Junto às cerimônias religiosas acontecem os folguedos populares, com cantorias e folias do Divino, apresentações folclóricas, tocatas, quermesses, shows musicais,bailes e queima de fogos de artifício.
O ritual de sexta-feira repete-se no sábado à noite, domingo pela manhã e à tarde, quando é proclamado o Casal Imperador que presidirá as festividades do ano seguinte, encerrando o Ciclo do Divino,de muitos meses de planejamento e organização. No entanto, é o domingo de Pentecostes (na maioria das comunidades) o ponto culminante de toda a Festa, quando acontece a missa solene de coroação.

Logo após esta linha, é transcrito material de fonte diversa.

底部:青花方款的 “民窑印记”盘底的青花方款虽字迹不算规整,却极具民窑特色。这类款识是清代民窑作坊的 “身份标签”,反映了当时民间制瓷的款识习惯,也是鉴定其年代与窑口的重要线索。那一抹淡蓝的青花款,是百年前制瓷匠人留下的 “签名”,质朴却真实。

Um dos momentos mais sublimes, onde a emoção perpassa envolvendo a todos num clima de profunda religiosidade, fé ao Divino Paráclito e de fraternidade cristã. Durante toda a celebração, com entoação de hinos em louvor ao Espírito Santo, Te-Deum, homilia ao Evangelho e a solene coroação do Imperador (menino ou adolescente),sente-se à intensidade da crença e a força da cultura ancestral que se mantém viva na memória de nossa gente.
No cenário da tocante cerimônia da coroação do Imperador, por um breve instante, desaparecem as marcas do tempo, as distantes geografias, ficam o cá e o lá  transformados em “nossa”- nossas Ilhas e nossa história comum. Separados no tempo e no espaço, juntos no coração e no louvor ao Divino Espírito Santo.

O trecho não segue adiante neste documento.